Кэтрин Чантер - Тайна имения Велл
Минуло четыре или пять дней после разговора с мужем. Мне почудилось, что я услышала звон разбитого стекла. Погода за окном была просто ужасная. Пылающий закат на фоне пурпурных облаков предвещал, что сильный ветер не утихнет еще несколько часов. Было трудно понять, что же я на самом деле услышала. Рыдающий Люсьен сбежал вниз по лестнице. Из окна спальни внук видел, как Марк что-то ломает в теплице.
– Оставайся в доме, Люсьен!
Град жалил мне лицо и барабанил по крыше пришедшего в негодность автомобиля, но все эти звуки были лишь фоном для сумасшедшего молота, который неистовствовал рядом в сопровождении звона разбиваемого стекла. Марк в одних джинсах и футболке удар за ударом разрушал теплицу. Подошвы ботинок топтались по битому стеклу. Осколки, выступающие из треснутого скелета рам, рвали на нем одежду, впивались в тело…. Кровь стекала по его загорелым рукам и капала на лежащие под ногам градины, которые ошибочно можно было принять за снег. Спрятавшись за живой изгородью, я наблюдала за происходящим до тех пор, пока Марк не выдохся. Все, что осталось от теплицы, – невысокая бетонная стена и металлический остов каркаса из погнутых прямоугольников и квадратов. Со стороны это напоминало разбомбленное здание. Буря затихла, ветер немного унялся, а градины падали уже не так густо, как прежде. Излишне яркий для ночи свет озарил кровь на его руках.

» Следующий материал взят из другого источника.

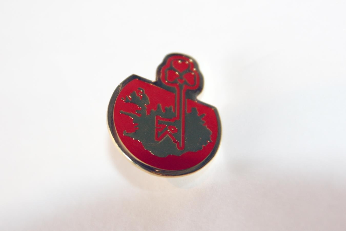 K lykill Kiwanishreyfingarinnar, gulllitað og óreglulegt í laginu með áprentuðu rauðu merki.
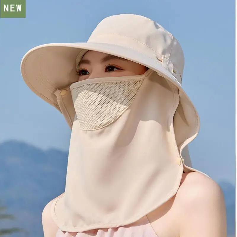 Summer Hats For Women Sun Hat Uv Protection With Mask Shawl Outdoor Sunscreen Bucket Hat Thin Sunhat Casual Sunshade New

– Я сдержал свое слово! – всхлипывая, произнес Марк. – Смотри. – Резко развернувшись, муж показал на вскопанные грядки. – Ты сказала, что наведешь порядок в теплице, и я тебе поверил. Ты мне пообещала.
Мне нечего было ему ответить.
– Я когда-то говорил тебе, что придет день и тебе придется выбирать между мной и Энджи. Я был неправ. Тебе пришлось выбирать между мной и… Амалией. И теперь я знаю, кого ты предпочла.
Марк, спотыкаясь, прошел мимо меня. Он попытался вытереть катящиеся по лицу слезы, но лишь выпачкался в кровь.
– Постой, Марк! Куда ты собрался?
– Не знаю куда. Я ухожу, Рут, ухожу от тебя.
Позже, когда я пошла в амбар посмотреть, насколько там все испачкано кровью, мужа я не нашла. На ручках дверей и на умывальнике виднелись темные пятна крови. Куртки на вешалке я не обнаружила. Тогда я поняла, что Марк покинул Велл.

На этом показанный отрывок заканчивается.